- Instructions to follow -
For the listing below, the answer is an exact retyping of the lines from the one with "One pendant featuring: 14KT" through the one with "Apartment with three", both included, without pictures.

- Dataset entries -

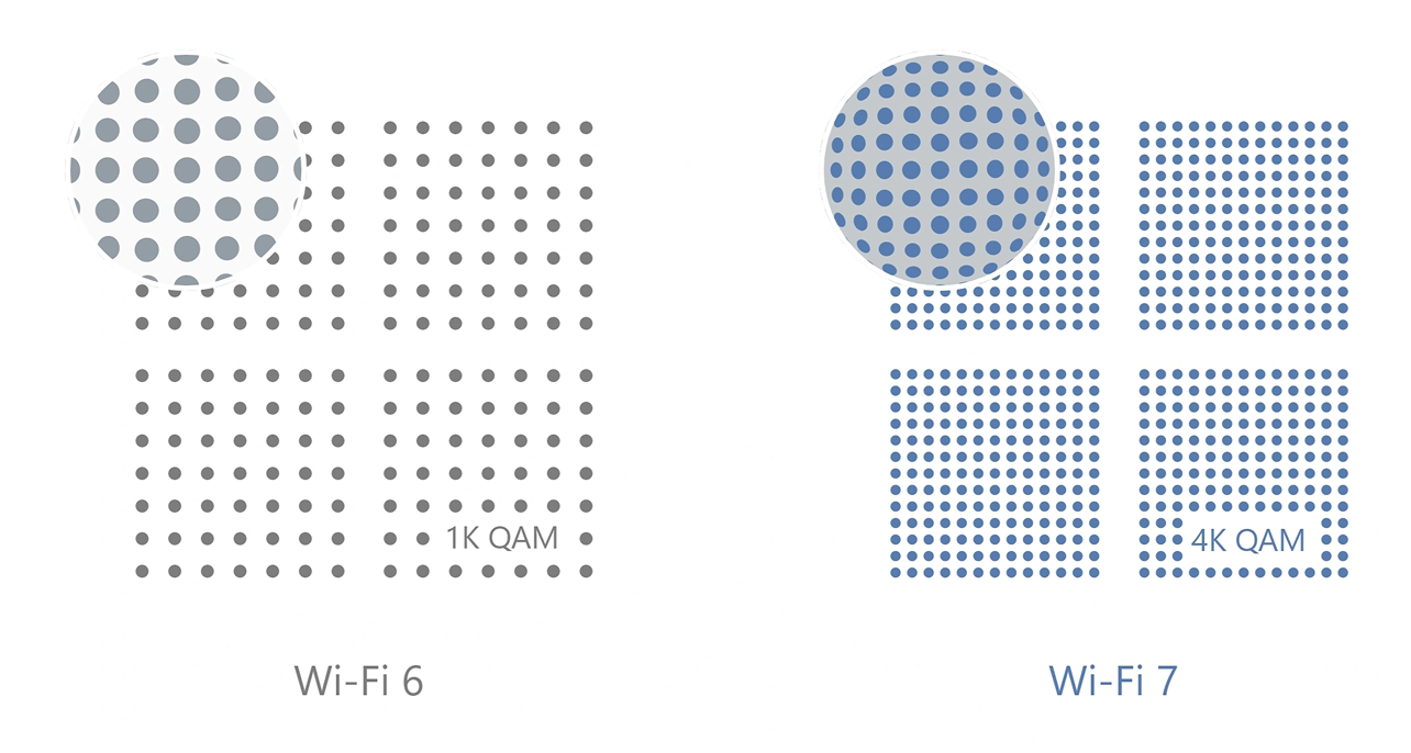 ![]() | 4096-QAM На 20% вища пропускна здатність у порівнянні з Wi-Fi 6. | |
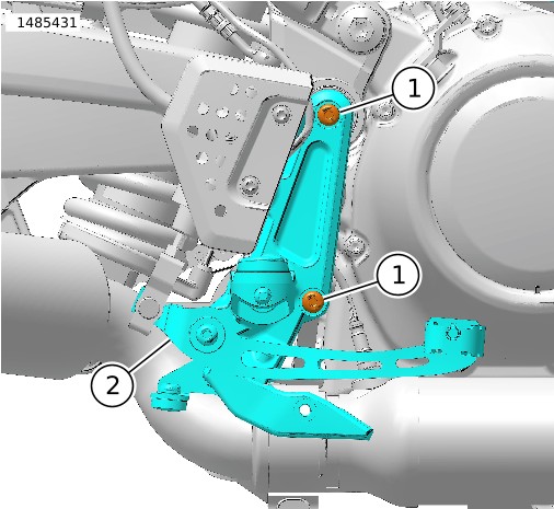 4. | התקן את הברגים (1). הדק. מומנט סיבוב: 28.5–31.5 N·m (21–23 ft-lbs) בורג משענת הרגל של רוכב | |
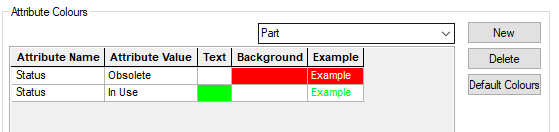 You can also colour items based on their attribute values. After selecting an item type from the drop down box, you can add or remove Attribute Colour Rules associated with that type. The Attribute Colour Rule options will become available once your connected Vault database is updated to the correct format version.
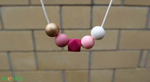 szilikon gyöngy, szatén zsinór, műanyag csat
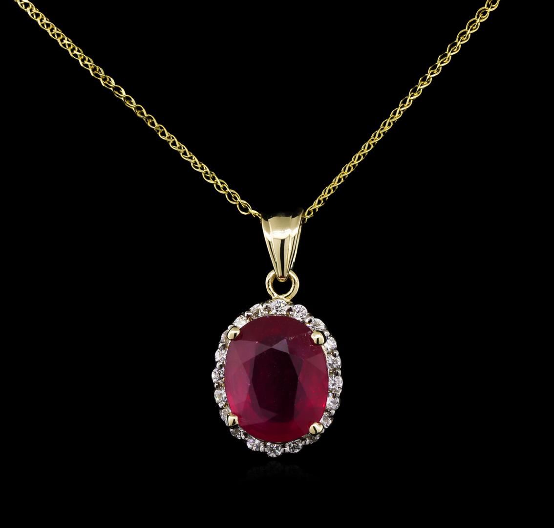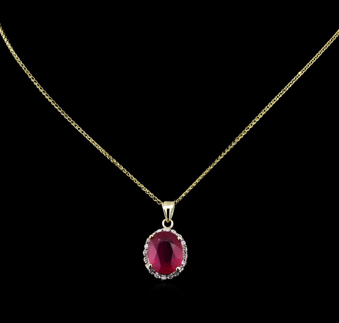 One pendant featuring: 14KT yellow gold weighing 2.89 grams containing one ruby with a total weight of 9.00ct and diamonds with a total weight of 0.54ct.
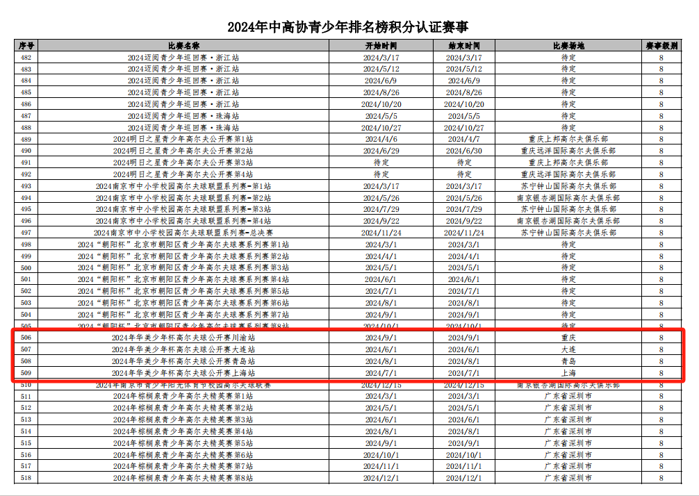▲2024华美少年杯高尔夫球系列赛(省外赛事计划)
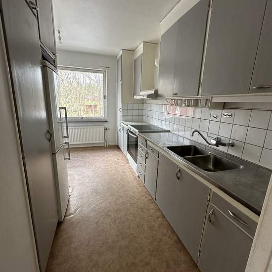 Apartment with three rooms, a hall, a kitchen and a bathroom. Possibility to install a dishwasher and a washing machine. Fiber is installed in the apartment.
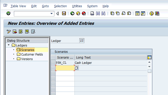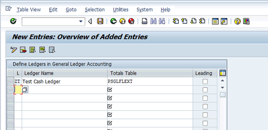 To define the ledger on the screen named Change View Define Ledgers in General Ledger Accounting: Overview, click the New Entries button or follow menu path Edit > New Entries. Define the ledger with an ID and name. Assign the totals table and save the entry. In my example I created a ledger with an ID named ZT (Test Cash Ledger) and assigned the totals table PSGLFLEXT to this ledger (
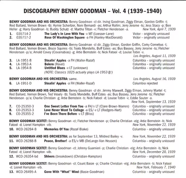 | 12 | Benny Goodman Sextet: Shivers (Breakdown) | 2:28 min | |
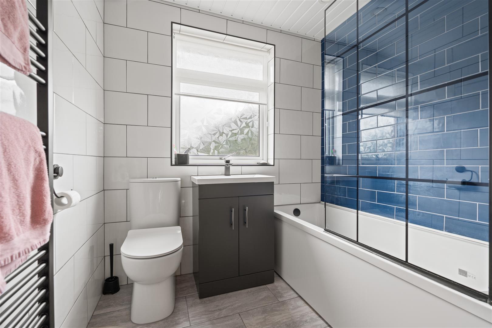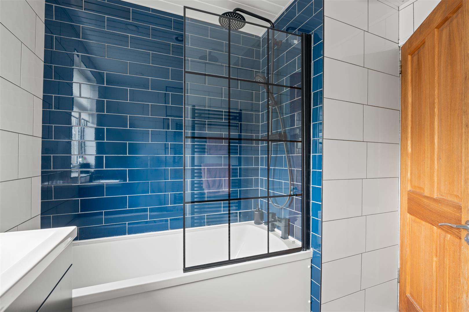 Stunning white suite comprising panelled bath with black pillar mixer tap; thermostatically controlled shower unit with wall mounted telephone shower attachment and drench shower head over; glass shower screen; close coupled wc; wall mounted wash hand basin with mono mixer tap and vanity unit under; tiled floor and walls; Pvc tongue and groove ceiling; towel radiator; access to roofspace.
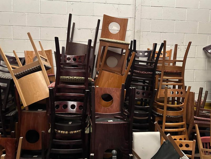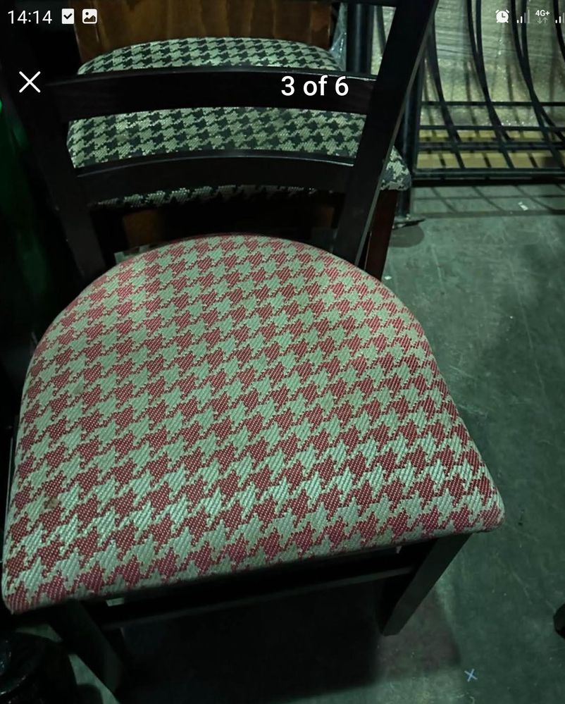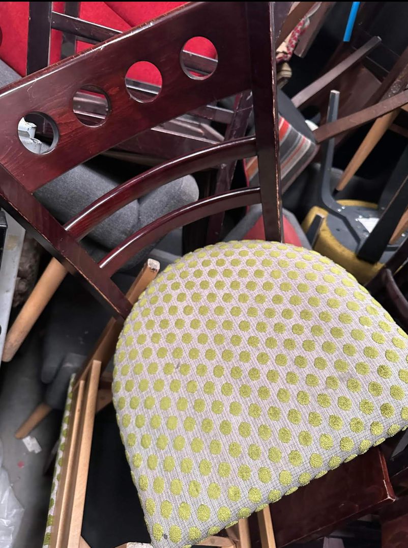 Variety of chairs in various styles including ladder back, round cut out, green spotted upholstery, herringbone fabric etc
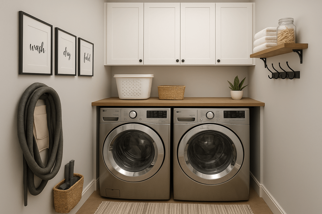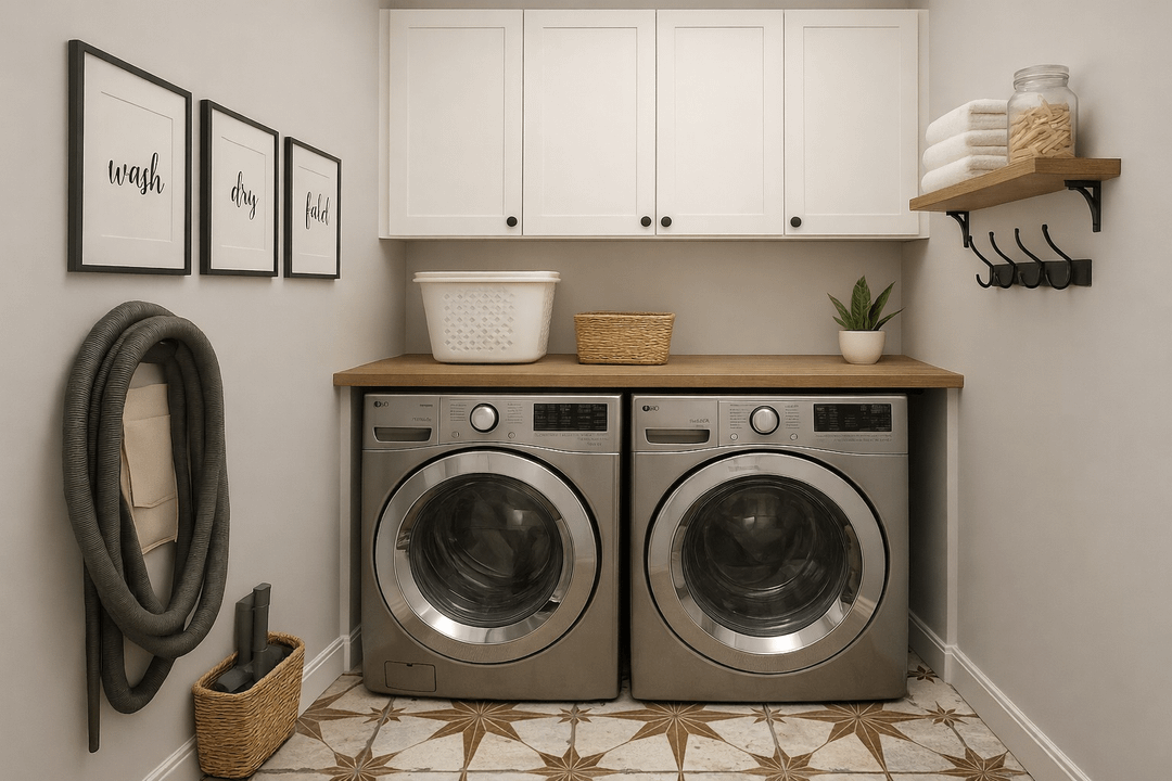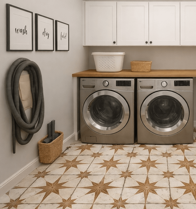 **Pics #1-4 are AI. Pic #5 is my actual laundry room. Question- I'm tiling my small laundry room(5'x9') with the above tile, then repainting, accessorizing etc., to resemble the AI mock-up. Should I hang wall paper or tile behind the washer & dryer, or will the tile floor be busy enough? If so, any ideas? Note- I'm trying to keep it simple because we might be selling.
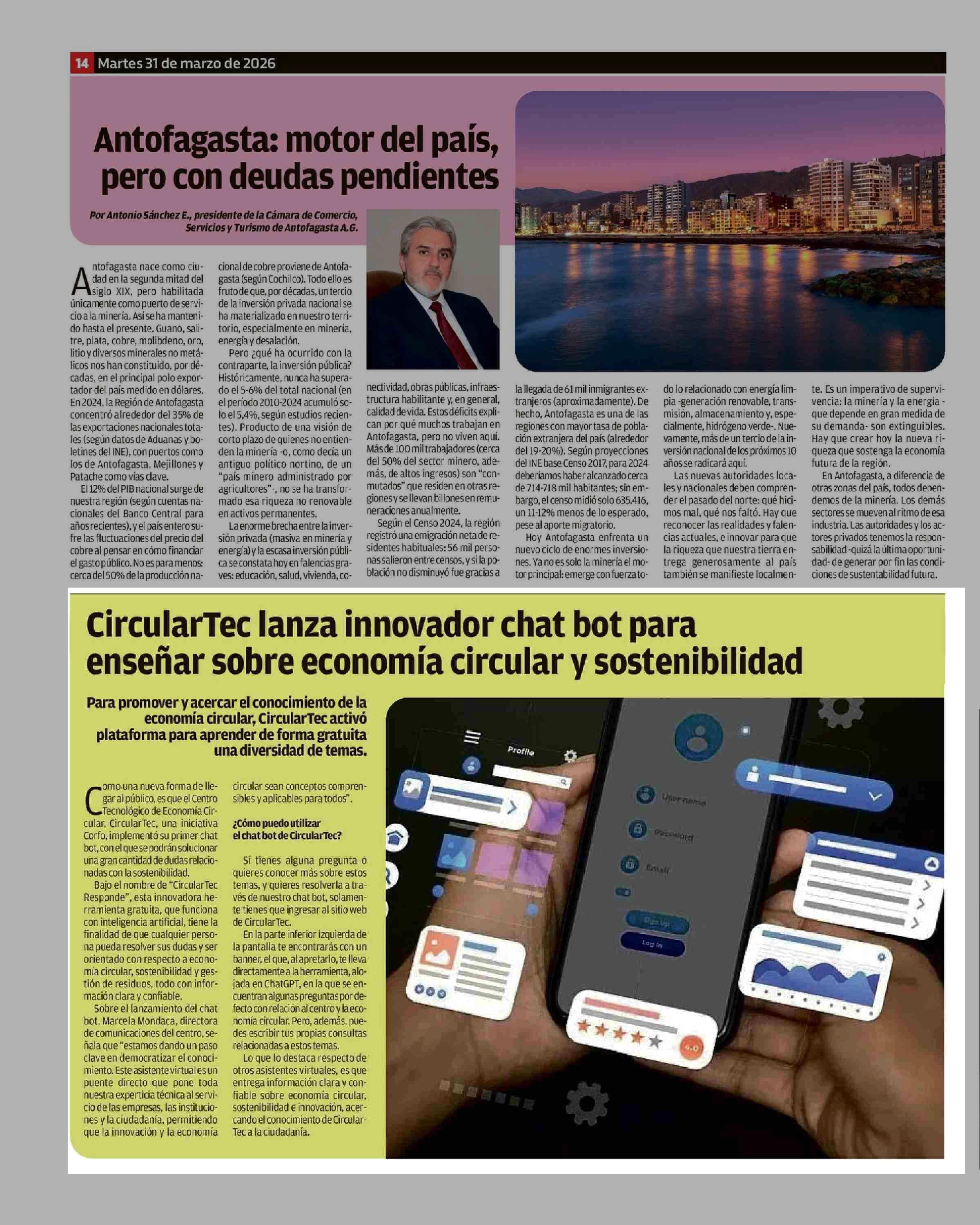 CircularTec lanza innovador chat bot para enseñar sobre economía circular y sostenibilidad 31-03-2026 El Austral de Osorno |

- Output -
 One pendant featuring: 14KT yellow gold weighing 2.89 grams containing one ruby with a total weight of 9.00ct and diamonds with a total weight of 0.54ct.
▲2024华美少年杯高尔夫球系列赛(省外赛事计划)
 Apartment with three rooms, a hall, a kitchen and a bathroom. Possibility to install a dishwasher and a washing machine. Fiber is installed in the apartment.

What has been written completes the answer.